Сильвестр
Шрифт:
— Забудь! Забудь и о казне пропавшей, и о землях тех, государь, — утешал его Сильвестр, когда, распалённый обидой и сознанием своего бессилия, царь метался по опочивальне, гневно сжимая кулаки. — Что казна? Казна дело наживное! Слава Богу, не оскудела ещё Русская земля ни людьми, ни хлебом, ни пенькой, ни воском, ни мягкой рухлядью, ни рудами подземными. Чего в ней нет? Чем обделил её Господь? Главное, чтоб тишина была, чтобы овцы твои были целы. А шерсти с них ты ещё немало настрижёшь… И о вотчинах не печалься, великий государь! Нужны тебе вельможи твои? Нужны помощники в деле твоём царском? Нужны. Без них тебе державу твою в повиновении не удержать, и войско твоё не собрать, и врагов твоих, соседей твоих алчных, не сокрушить. Что же ты хочешь? Ничто в жизни сей даром не даётся, и за всё надо платить. И за верность платить, и за усердие, и за любовь к тебе слуг твоих, ибо слаб человек и корыстен, и коли не видит он выгоды
Слушал царь попа — наперсника дум своих тайных, и верил ему, и соглашался с ним. И бывало, что и ночи целые напролёт просиживали они так вдвоём в тишине дворца, беседуя либо про Божественные, либо про мирские дела…
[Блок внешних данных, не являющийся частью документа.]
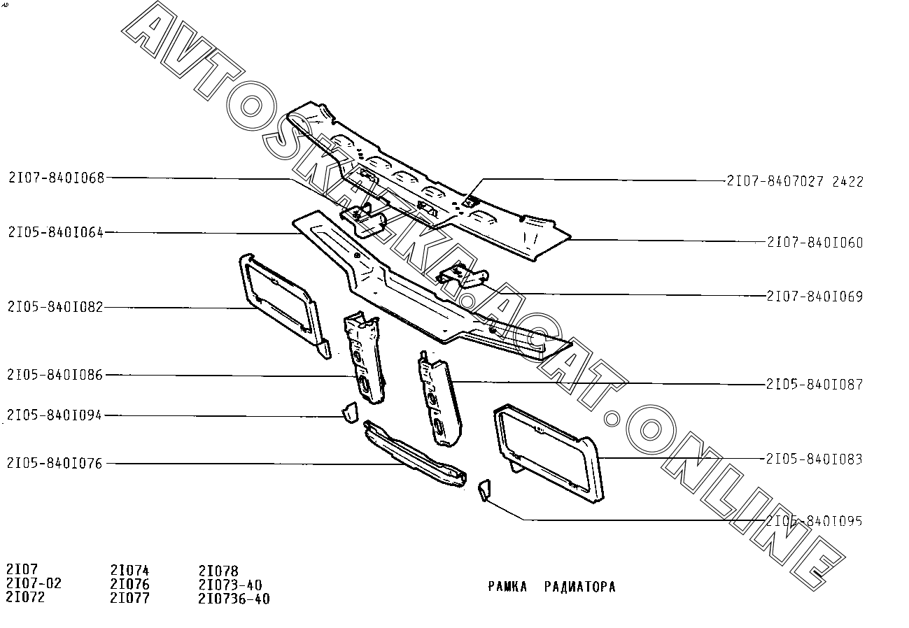 Рамка радиатора ВАЗ 2107 (2107-02, 21072, 21073-40, 210736-40, 21074, 21076, 21077, 21078)
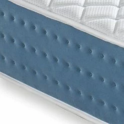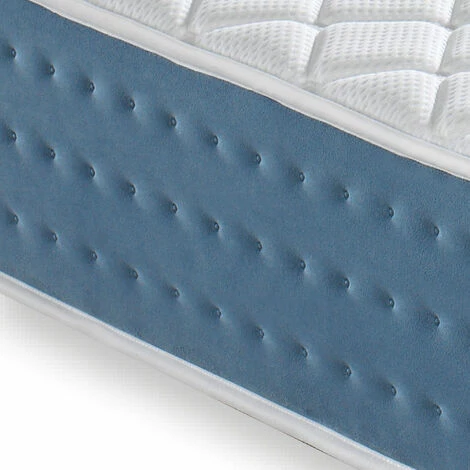 - Le côté du matelas est extrêmement doux au toucher velours. Finition dans les tons bleu. Double cousu de sécurité pour assurer la durabilité.
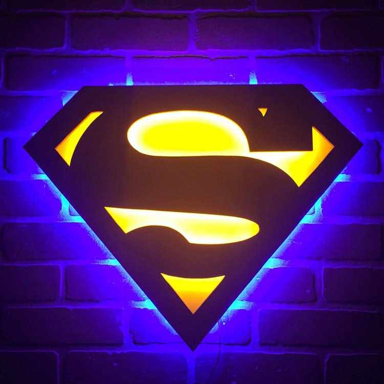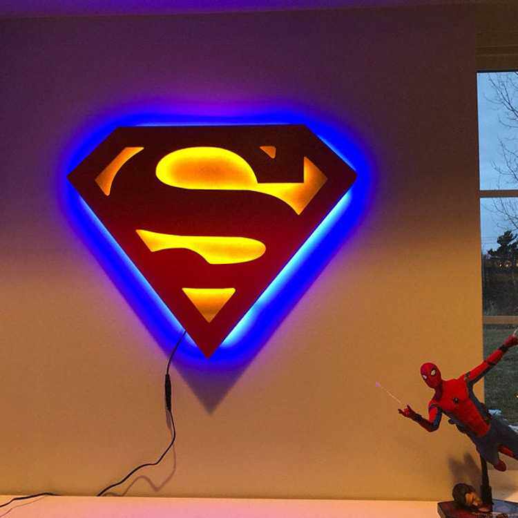 跨境爆款 正义联盟超人LED夜灯发光壁灯家饰床头灯超级英雄标志灯
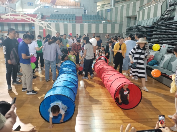 本届运动会以“运动悦童心,亲子伴成长”为主题,根据儿童年龄特点设置三个组别,量身打造11项寓教于乐的运动项目。活动现场,动感小精灵组的萌娃爬行穿越,憨态可掬;动感小飞侠组中教职工亲子配合跳跃,默契十足;动感小超人组的儿童以铁环竞技,充分展现运动天赋;趣味十足的拔河赛中,家长们奋力拼搏,孩子们加油助威,欢声笑语响彻场馆,充分展现亲子互动的温馨氛围。
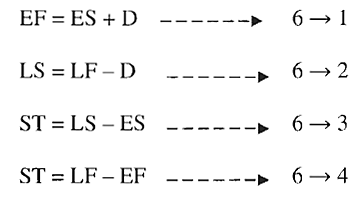 3. تحديد أوقات البداية المتأخرة LS والنهاية المتأخرة LF لأنشطة المشروع، بالرجوع إلى الشكل - والمعادلات الموجودة أسفل الرسمة نستطيع أن نرسم الأوقات المذكورة لأنشطة المشروع كما تظهر في الشكل 6-8
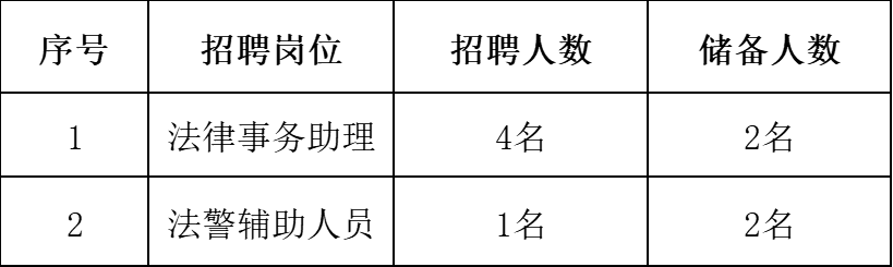 法律事务助理:全日制普通高等院校本科及以上学历;法学类相关专业;取得我国法律职业资格证书的人员不限专业,直接进入面试环节,初试成绩按照参加该岗位招聘考试人员的最高成绩计分。
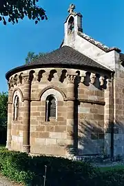 L'église possède un très beau chevet à grand appareil très régulier. Ce chevet est constitué d'une abside semi-circulaire unique dont la maçonnerie est rythmée par de puissantes colonnes engagées.

Но не может дьявол, погубитель рода человеческого, смотреть без зависти, как отступает в людях злоба и ненависть, а вместо них утверждаются согласие и любовь. Нет, не создан мир сей для тишины! И чем спокойнее течёт жизнь, тем упорнее Сатана и все силы его, и тем изощрённее козни их, и тем ближе человек к погибели своей.
Поп уходил, и, успокоенный и просветлённый, царь засыпал. Но редко когда сон его был тих и долог. А бывало и так, что едва только прикасалась голова его к подушке, как какая-то неведомая, страшная сила подбрасывала его с постели, он вскакивал и больше уже не мог, как ни бился, сомкнуть глаз своих до самого утра. Часами сидел он тогда, венценосец державный, в тоске, на краю постели, вперив взгляд свой во тьму. И все страшилища несчастной юности его собирались вновь к нему отовсюду, и оживали все страхи детские его, и не верил он тогда никому — ни Богу, ни себе, ни другим. Ибо ничто в жизни нашей не проходит без следа, и нет такого лекаря в мире, кто мог бы излечить душу человеческую, если она больна.
А бралась та чёрная тоска прежде всего от нетерпения его.
Хоть и молод был царь Иван, но он рождён был на троне, и с младенческих самых лет своих он знал, что воля его — это воля Бога. А кто противится воле его царской, тот противится воле Всевышнего, а ей противиться не должно сметь никому — ни человеку, ни дьяволу, ни самим стихиям земным… Как же так? Сказал он, царь: быть по сему! И должно оно так быть! Трава должна расти в пустынях каменных по единому слову его, огонь угасать, моря расступаться, реки поворачивать вспять! А про людей и говорить нечего. Кто есть человек? Червь! И ему ли противиться Божьей воле, сиречь воле помазанника Его?… Моисей морю Чермному приказал уйти с дороги народа его, и оно повиновалось. Исус Навин само солнце остановил единым мановением руки своей. А он, царь великий и могущественный, господин и самодержец всея Руси?! Что может он? И где они, удачи и победы неслыханные, что сулил ему тогда, в тот памятный день, Сильвестр? И куда, в какую зыбь уходят все державные повеления его, от которых, казалось бы, сама земля должна дрожать, не только что люди? Сильвестр вон всё журчит: «Не печалься, государь, всё идёт, как надо. Быстрее и нельзя. Москва не сразу строилась, нам спешить некуда, тише едешь — дальше будешь…» Полно, поп! Да так ли оно на самом деле есть? Тише едешь, говоришь? Да едем ли мы с тобой, отче, куда вообще?!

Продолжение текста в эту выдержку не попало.